● **REQUIREMENT**
From the line that contains "1-主井;2-副井;3-暗立井;4-暗斜井" to the final line below, both included, print each line exactly and skip the pictures.

● **MATERIAL FOR THIS TASK**
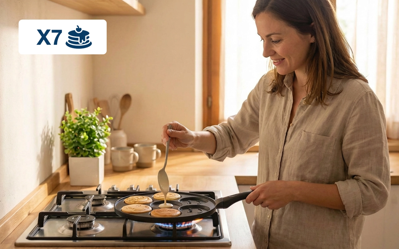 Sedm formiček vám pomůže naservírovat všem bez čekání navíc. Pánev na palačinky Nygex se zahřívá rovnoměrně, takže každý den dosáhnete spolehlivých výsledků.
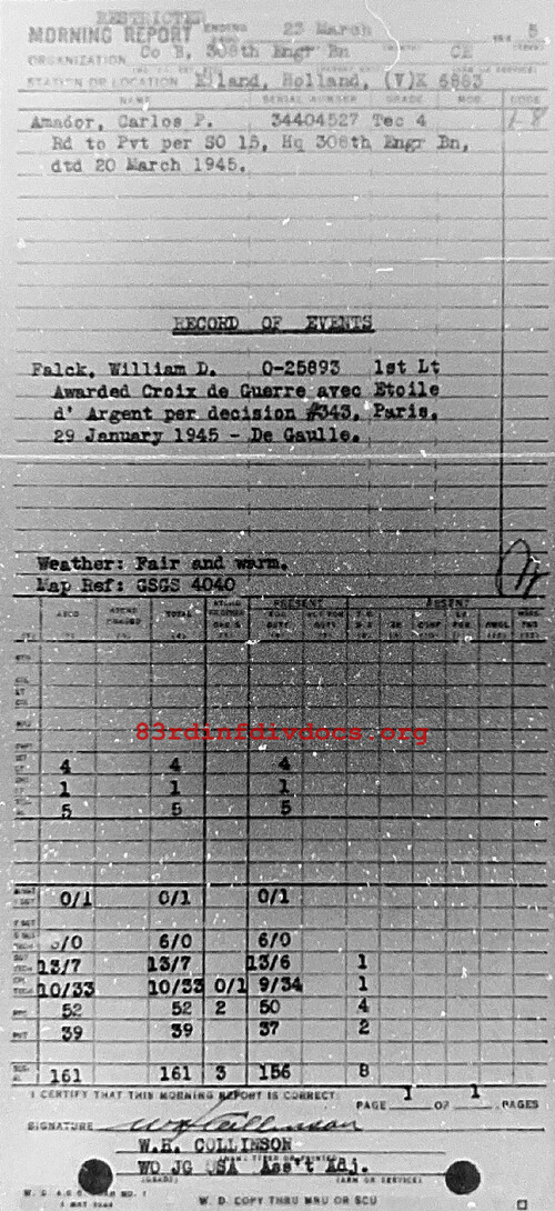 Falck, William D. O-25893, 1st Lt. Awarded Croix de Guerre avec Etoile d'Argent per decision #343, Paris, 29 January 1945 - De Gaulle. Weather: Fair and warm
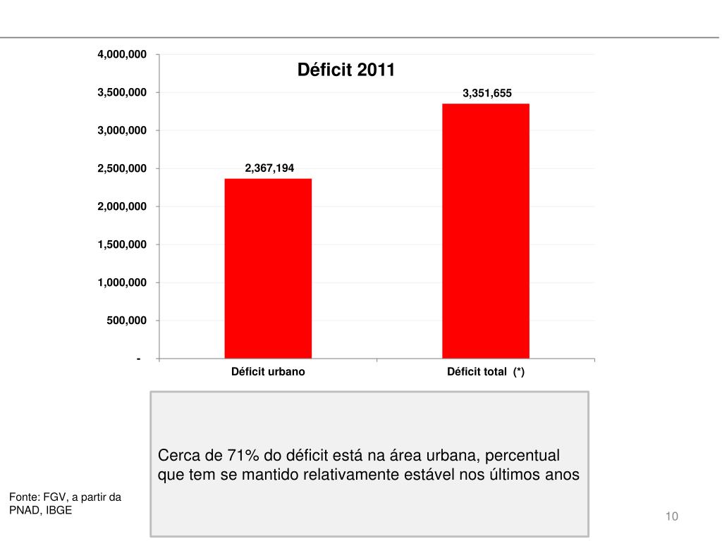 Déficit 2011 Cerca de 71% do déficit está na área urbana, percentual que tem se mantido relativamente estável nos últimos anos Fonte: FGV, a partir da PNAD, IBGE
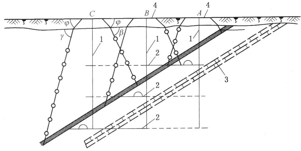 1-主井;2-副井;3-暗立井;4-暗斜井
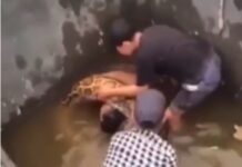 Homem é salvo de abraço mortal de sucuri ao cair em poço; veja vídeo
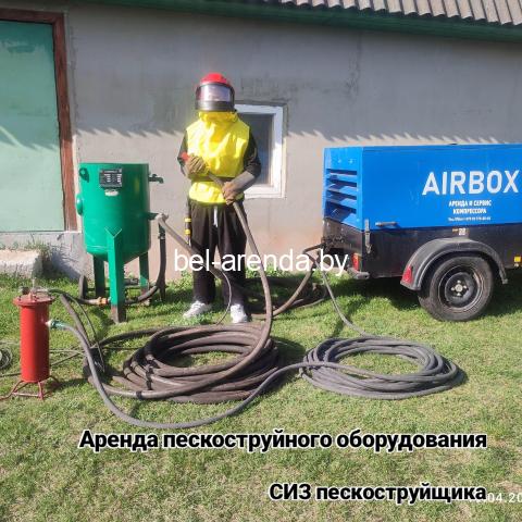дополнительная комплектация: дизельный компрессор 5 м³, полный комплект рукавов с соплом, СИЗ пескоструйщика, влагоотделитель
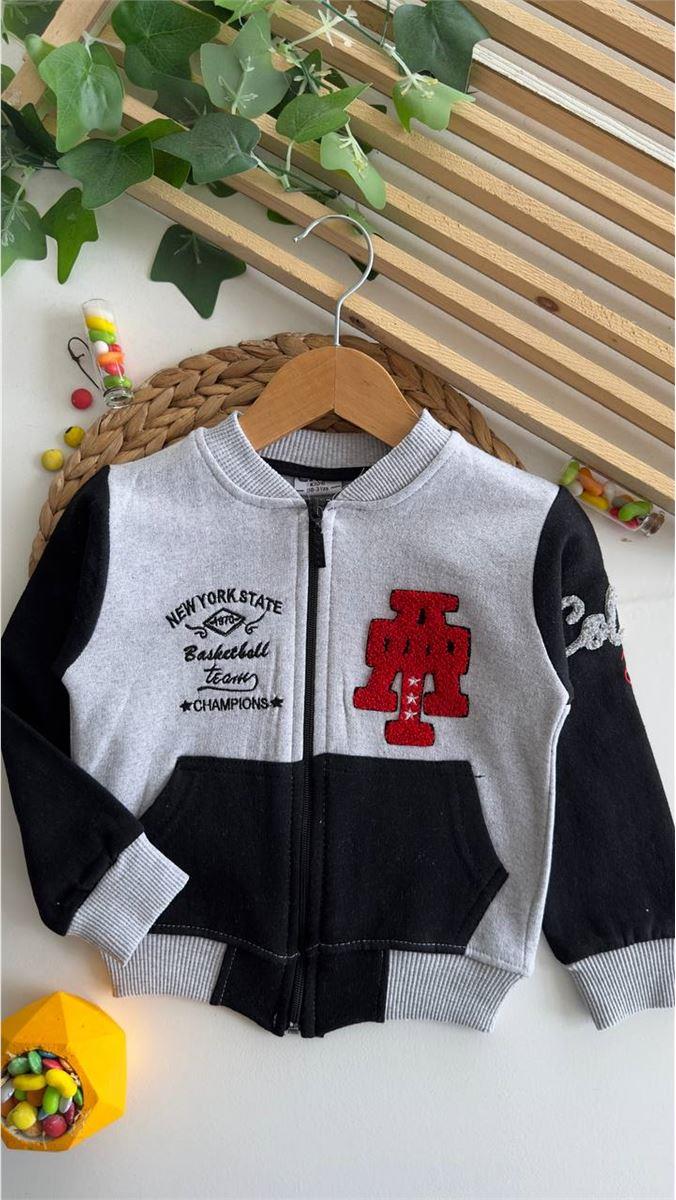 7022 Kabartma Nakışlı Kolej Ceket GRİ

● **EXPECTED ANSWER**
 1-主井;2-副井;3-暗立井;4-暗斜井
 Homem é salvo de abraço mortal de sucuri ao cair em poço; veja vídeo
дополнительная комплектация: дизельный компрессор 5 м³, полный комплект рукавов с соплом, СИЗ пескоструйщика, влагоотделитель
 7022 Kabartma Nakışlı Kolej Ceket GRİ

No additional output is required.